Les autres agents gérosuppresseurs identifiés proviennent tous d’extraits de plante connus pour d’autres bénéfices santé : (PE signifie « plant extract ») PE4 (Cimicifuga racemosa), PE5 (Valeriana officinalis L.), PE6 (Passiflora incarnata L.), PE8 (Ginkgo biloba), PE 12 (Apium graveolens L.), PE21 (Salix alba), PE26 (Serenoa repens), PE39 (Hypericum perforatum), PE42 (Ilex paraguariensis), PE47 (Ocimum tenuiflorum), PE59 (Solidago virgaurea), PE64 (Citrus sinensis), PE68 (Humulus lupulus), PE69 (Vitis vinifera), PE72 (Andrographis paniculata), PE75 (Hydrastis canadensis), PE77 (Trigonella foenum-graecum), PE78 (Berberis vulgaris), PE79 (Crataegus monogyna), PE81 (Taraxacum erythrospermum) et PE83 (Ilex paraguariensis).
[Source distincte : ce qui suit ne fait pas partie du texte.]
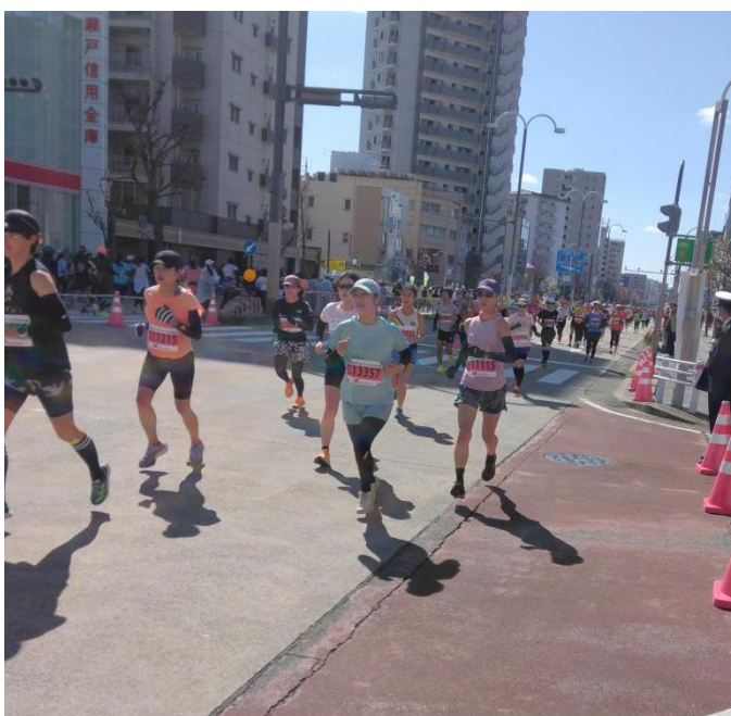
春の日差しを受けて風になって走り抜けるランナー

La synergie des approches en santé – la santé intégrative
Certains de ces agents gérosuppresseurs, comme les polyphénols d’olive, le resvératrol, et ceux découverts provenant de la graine de céleri, peuvent se retrouver en quantité importante dans notre alimentation. Outre leurs effets gérosuppresseurs, ils pourraient avoir des effets synergiques entre eux.
De la même façon, il m’apparaît évident qu’il sera possible d’optimiser la longévité humaine en synergisant les saines habitudes de vie (dont la saine alimentation) et les agents gérosuppresseurs : habitudes de vie + saine alimentation + suppléments = optimisation. Vos naturopathes sont des ressources tout indiquées pour vous accompagner sur cette voie.
Lorsque nécessaire, il sera bien sûr pertinent de considérer aussi la synergie des approches thérapeutiques afin d’optimiser les services offerts. La synergie des approches en santé devrait donner de meilleurs résultats que de toujours considérer une seule approche à la fois. Par exemple, une étude récente (Xi, et autres, 2021) a démontré de meilleurs résultats pour le traitement de la maladie pulmonaire obstructive chronique (MPOC) en cumulant les approches de la médecine moderne avec la médecine traditionnelle chinoise. Il s’agit d’une confirmation de l’importance de la santé intégrative.